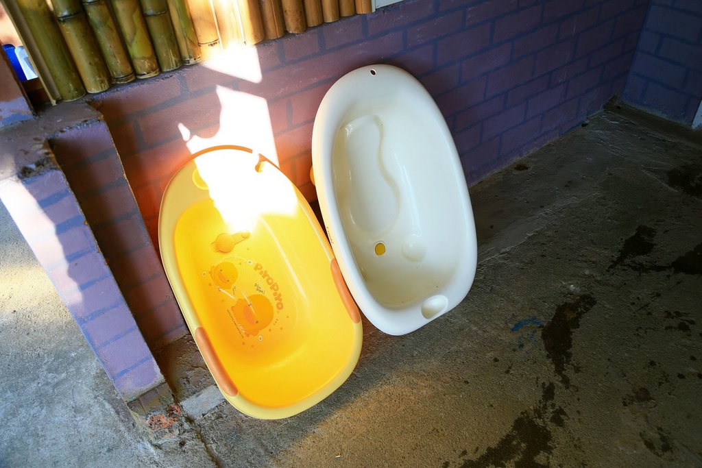 ↓停車場與C4區之間有用鐵皮搭出了一區公共空間,最左側是水槽,有四個;還有冰箱、垃圾桶以及廚餘桶
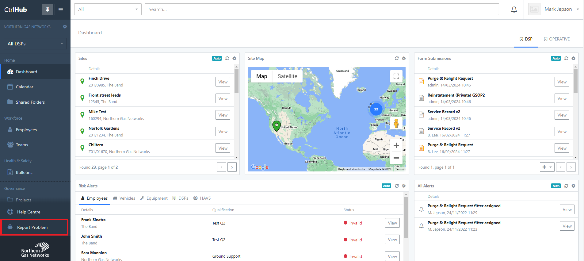 If a system user encounters an issue, they can report it with the 'Report Problem' facility.
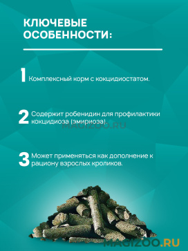 Комплексный корм с кокцидиостатом для молодых декоративных кроликов и кроликов карликовых пород. Содержит робенидин для профилактики кокцидиоза (эмириоза) кроликов.
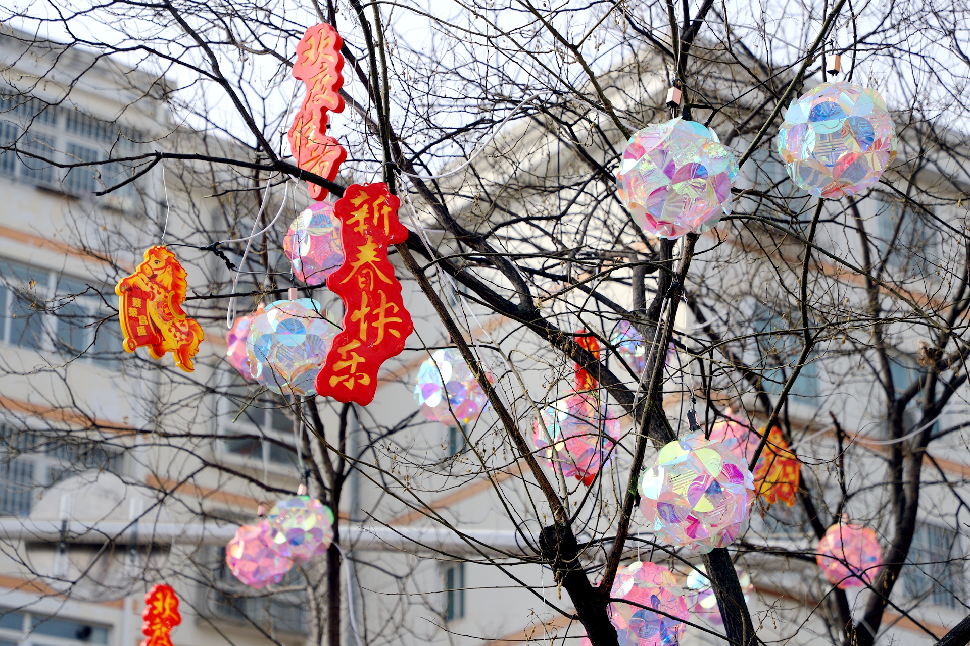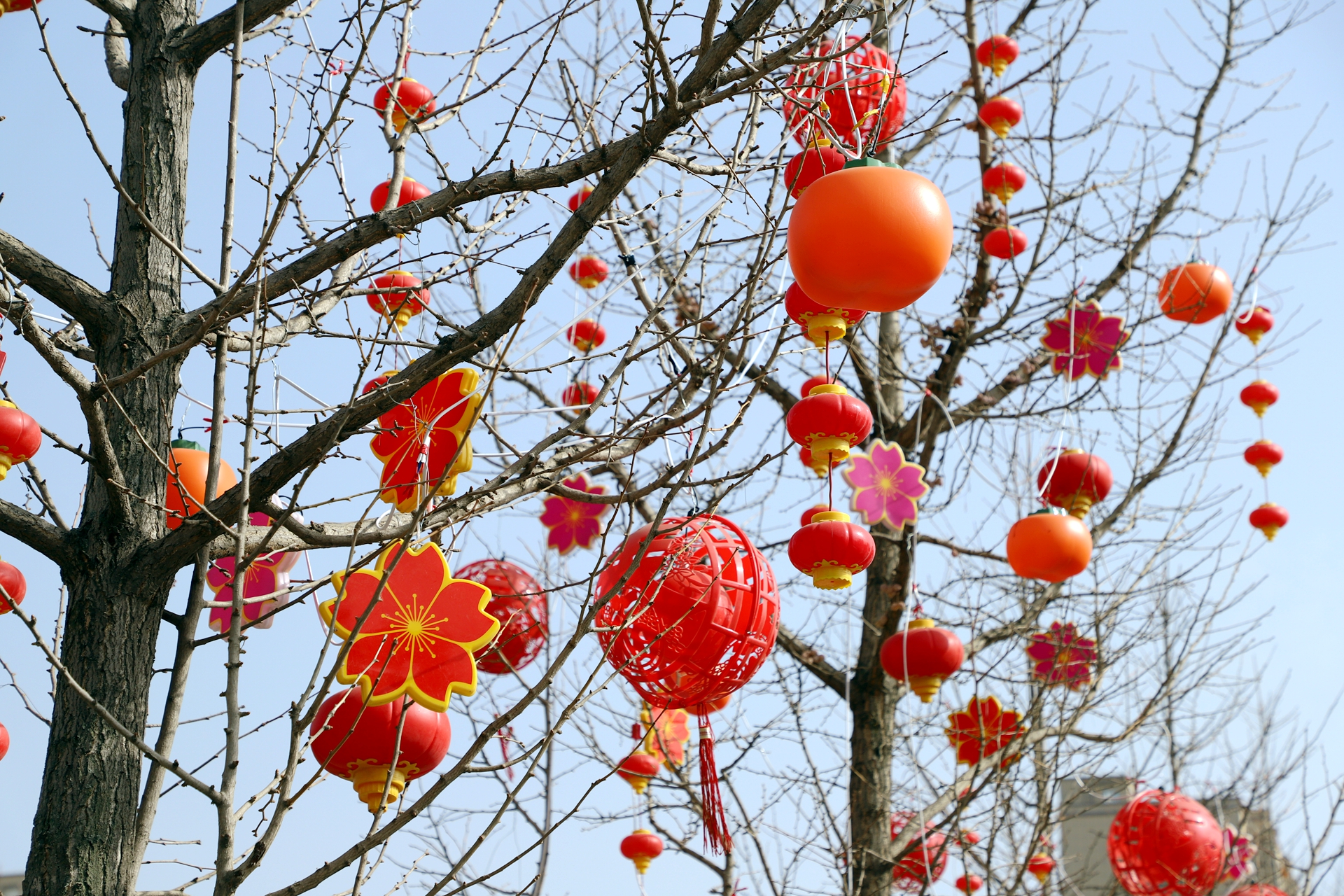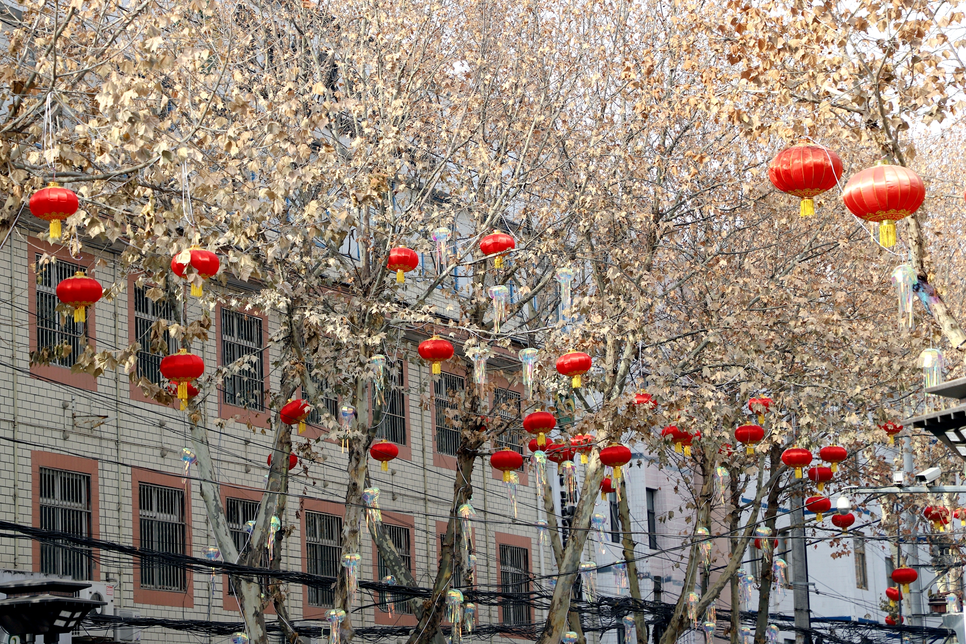 漫步城区主干道,仿佛徜徉于光影的河流。道路两旁的树枝上,万千灯饰争奇斗艳:象征吉祥圆满的大红灯笼高悬,红彤彤的灯身配以飘逸的金穗,与冬日的枝桠相映成趣;晶莹剔透的彩球灯、灵动梦幻的水母灯,折射出五彩斑斓的光芒,宛若星河落凡间;绘制着“马到成功”“新春大吉”等祝福语和卡通骏马图案的文字灯,传递着真挚的祈愿;造型别致的星月灯、花朵灯、柿子灯,寓意着浪漫、芬芳与“柿柿如意”;还有那红色小灯笼串成的“糖葫芦”灯串,与镂刻着“春”“福”字样的红色球形灯,将传统韵味与现代设计巧妙融合,处处洋溢着欢腾与喜悦。
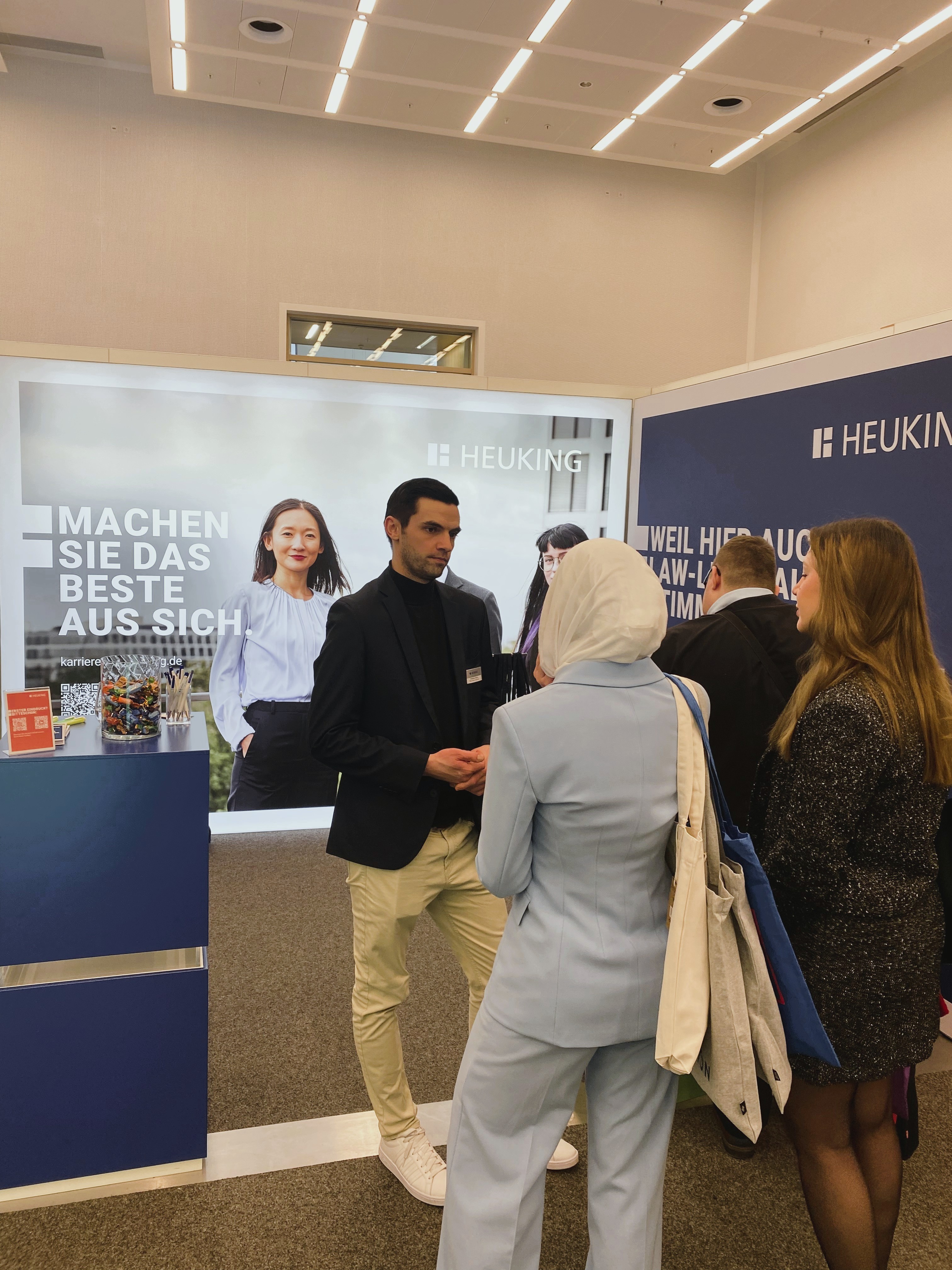 Wir wurden vor Ort unterstützt von Monique Sandidge, Tatiana Vorotnitskaya, Dr. Annabel Laura Wolf und Felix Schütte, die den Besucherinnen und Besuchern Einblicke in die anwaltliche Praxis gaben und Fragen zu Einstiegsmöglichkeiten beantworteten.
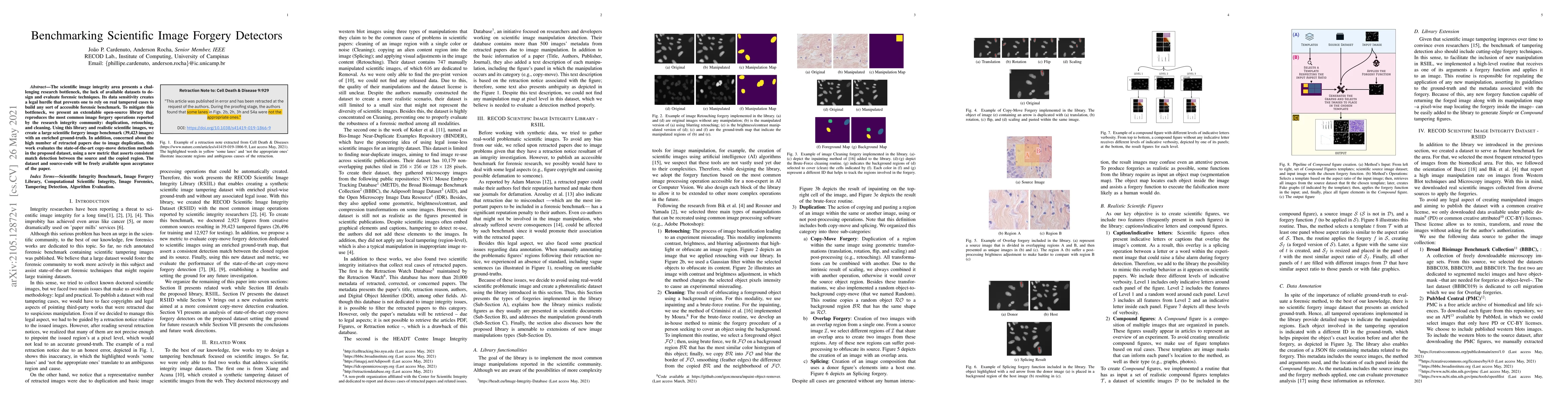 Researchers created a large dataset of 39,423 scientific images with known forgery operations to evaluate image forgery detection methods. This dataset will help improve forensic techniques in the scientific integrity area.

Task brief :: Retype the listing exactly. Skip every picture.

Result of this exercise ::
 ↓停車場與C4區之間有用鐵皮搭出了一區公共空間,最左側是水槽,有四個;還有冰箱、垃圾桶以及廚餘桶
 If a system user encounters an issue, they can report it with the 'Report Problem' facility.
 Комплексный корм с кокцидиостатом для молодых декоративных кроликов и кроликов карликовых пород. Содержит робенидин для профилактики кокцидиоза (эмириоза) кроликов.
 漫步城区主干道,仿佛徜徉于光影的河流。道路两旁的树枝上,万千灯饰争奇斗艳:象征吉祥圆满的大红灯笼高悬,红彤彤的灯身配以飘逸的金穗,与冬日的枝桠相映成趣;晶莹剔透的彩球灯、灵动梦幻的水母灯,折射出五彩斑斓的光芒,宛若星河落凡间;绘制着“马到成功”“新春大吉”等祝福语和卡通骏马图案的文字灯,传递着真挚的祈愿;造型别致的星月灯、花朵灯、柿子灯,寓意着浪漫、芬芳与“柿柿如意”;还有那红色小灯笼串成的“糖葫芦”灯串,与镂刻着“春”“福”字样的红色球形灯,将传统韵味与现代设计巧妙融合,处处洋溢着欢腾与喜悦。
 Wir wurden vor Ort unterstützt von Monique Sandidge, Tatiana Vorotnitskaya, Dr. Annabel Laura Wolf und Felix Schütte, die den Besucherinnen und Besuchern Einblicke in die anwaltliche Praxis gaben und Fragen zu Einstiegsmöglichkeiten beantworteten.
 Researchers created a large dataset of 39,423 scientific images with known forgery operations to evaluate image forgery detection methods. This dataset will help improve forensic techniques in the scientific integrity area.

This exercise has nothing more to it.